Dendroconche annabellae

Scientific classification
- Kingdom: Plantae
- Clade: Tracheophytes
- Division: Polypodiophyta
- Class: Polypodiopsida
- Order: Polypodiales
- Suborder: Polypodiineae
- Family: Polypodiaceae
- Genus: Dendroconche
- Species: D. annabellae
- Binomial name: Dendroconche annabellae (H.O.Forbes) Copel.
- Synonyms: Polypodium cyclobasis Baker ; Pleopeltis annabellae (H.O.Forbes) Alderw. ; Polypodium annabellae H.O.Forbes ;

= Dendroconche annabellae =

- Authority: (H.O.Forbes) Copel.

Species of fern

Dendroconche annabellae is a species of fern in the family Polypodiaceae, subfamily Microsoroideae. It is endemic to Papua New Guinea.

==Description==
Dendroconche annabellae has a partially epiphytic habit. It grows from long, creeping rhizomes, that are flattened from top to bottom and have occasional cavities. The rhizomes have dark brown scales, 4–7 mm long and 1.5–2.5 mm wide. Two kinds of root are produced by the rhizomes. Lateral roots clasp the tree on which the plant is growing. Roots emerging from the underside of the rhizome enter the soil. Leaves that do not produce spores (sterile leaves) are more or less circular in outline, 8–12 cm across, with at most a very short petiole, and are tightly pressed against the trunk of the supporting tree. The spore-bearing leaves (fertile leaves) have the same shape at the base, but then have a long narrow "tail", up to 28 cm long and 1 cm across, which curves away from the tree trunk and bears the round sori in a single row. All the leaves have prominent veins.
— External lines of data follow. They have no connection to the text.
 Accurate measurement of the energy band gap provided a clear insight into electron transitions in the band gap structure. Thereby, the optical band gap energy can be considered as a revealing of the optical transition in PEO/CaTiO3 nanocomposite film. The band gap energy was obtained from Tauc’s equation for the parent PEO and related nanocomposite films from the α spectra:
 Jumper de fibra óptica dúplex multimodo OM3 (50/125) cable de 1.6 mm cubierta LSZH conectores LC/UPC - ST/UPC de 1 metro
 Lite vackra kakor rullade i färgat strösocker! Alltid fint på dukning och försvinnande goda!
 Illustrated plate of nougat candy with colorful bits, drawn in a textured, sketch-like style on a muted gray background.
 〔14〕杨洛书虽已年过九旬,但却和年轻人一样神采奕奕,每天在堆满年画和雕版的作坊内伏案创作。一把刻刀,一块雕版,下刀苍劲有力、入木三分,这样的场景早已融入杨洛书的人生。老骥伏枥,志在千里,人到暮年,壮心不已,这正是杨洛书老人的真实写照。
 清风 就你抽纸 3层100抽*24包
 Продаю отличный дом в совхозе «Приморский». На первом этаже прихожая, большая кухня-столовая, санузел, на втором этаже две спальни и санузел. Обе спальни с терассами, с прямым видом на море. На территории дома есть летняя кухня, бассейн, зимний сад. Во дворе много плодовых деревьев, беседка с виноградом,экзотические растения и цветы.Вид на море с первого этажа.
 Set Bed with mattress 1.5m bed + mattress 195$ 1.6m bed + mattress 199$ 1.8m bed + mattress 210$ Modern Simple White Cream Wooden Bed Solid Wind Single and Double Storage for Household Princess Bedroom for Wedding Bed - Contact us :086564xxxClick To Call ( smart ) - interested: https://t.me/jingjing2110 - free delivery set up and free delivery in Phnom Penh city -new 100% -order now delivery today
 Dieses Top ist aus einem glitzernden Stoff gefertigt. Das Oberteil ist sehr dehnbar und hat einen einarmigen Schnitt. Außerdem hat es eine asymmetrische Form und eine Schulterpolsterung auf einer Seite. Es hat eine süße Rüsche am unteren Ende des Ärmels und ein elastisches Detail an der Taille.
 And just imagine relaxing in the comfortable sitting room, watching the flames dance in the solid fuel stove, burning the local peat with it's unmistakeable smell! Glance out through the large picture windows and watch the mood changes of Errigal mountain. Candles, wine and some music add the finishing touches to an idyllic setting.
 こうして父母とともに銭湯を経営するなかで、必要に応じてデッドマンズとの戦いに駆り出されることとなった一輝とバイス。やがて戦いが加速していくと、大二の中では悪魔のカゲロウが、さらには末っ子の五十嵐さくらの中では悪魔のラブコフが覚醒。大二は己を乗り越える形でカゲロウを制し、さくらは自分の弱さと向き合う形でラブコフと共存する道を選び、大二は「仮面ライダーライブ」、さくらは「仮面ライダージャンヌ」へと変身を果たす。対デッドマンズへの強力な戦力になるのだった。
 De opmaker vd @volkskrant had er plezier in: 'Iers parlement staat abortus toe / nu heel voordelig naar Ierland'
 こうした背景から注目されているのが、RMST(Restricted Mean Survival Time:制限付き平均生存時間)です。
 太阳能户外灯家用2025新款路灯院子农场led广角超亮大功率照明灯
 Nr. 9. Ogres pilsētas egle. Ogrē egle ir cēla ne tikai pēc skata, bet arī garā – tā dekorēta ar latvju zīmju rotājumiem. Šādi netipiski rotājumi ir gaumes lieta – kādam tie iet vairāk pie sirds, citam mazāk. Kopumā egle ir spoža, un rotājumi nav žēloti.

The shape of the fertile leaves distinguishes D. annabellae from the related D. kingii and D. linguiforme. Fertile leaves of D. kingii have a wider "tail", 2–5 cm wide rather than less than 1.5 cm wide. The fertile leaves of D. kingii lack the conspicuously rounded basal portion, being lanceolate or with a narrowed central portion.

==Taxonomy==
Dendroconche annabellae was first described by Henry Ogg Forbes in 1825 as Polypodium annabellae. In 1911, Edwin Copeland transferred it to his new genus Dendroconche as the type species; initially it was the only species in the genus. The orb-shaped leaves that tightly clasp the tree on which the plant grows were a major distinguishing feature. Copeland later included another species in the genus as D. kingii. Subsequently, both species were placed in the genus Microsorum and relegated to synonyms of what was then considered to be M. linguiforme. Studies from 2006 onwards showed that Microsorum was not monophyletic and that M. linguiforme was more closely related to Lecanopteris. The genus Dendroconche was revived in 2019 as a result of a molecular phylogenetic study, and Copeland's two species, including D. annabellae, distinguished from Dendroconche linguiforme.

==Distribution and habitat==
Dendroconche annabellae is endemic to the island of New Guinea, more specifically to Papua New Guinea, where it is found at elevations of 500–1300 m.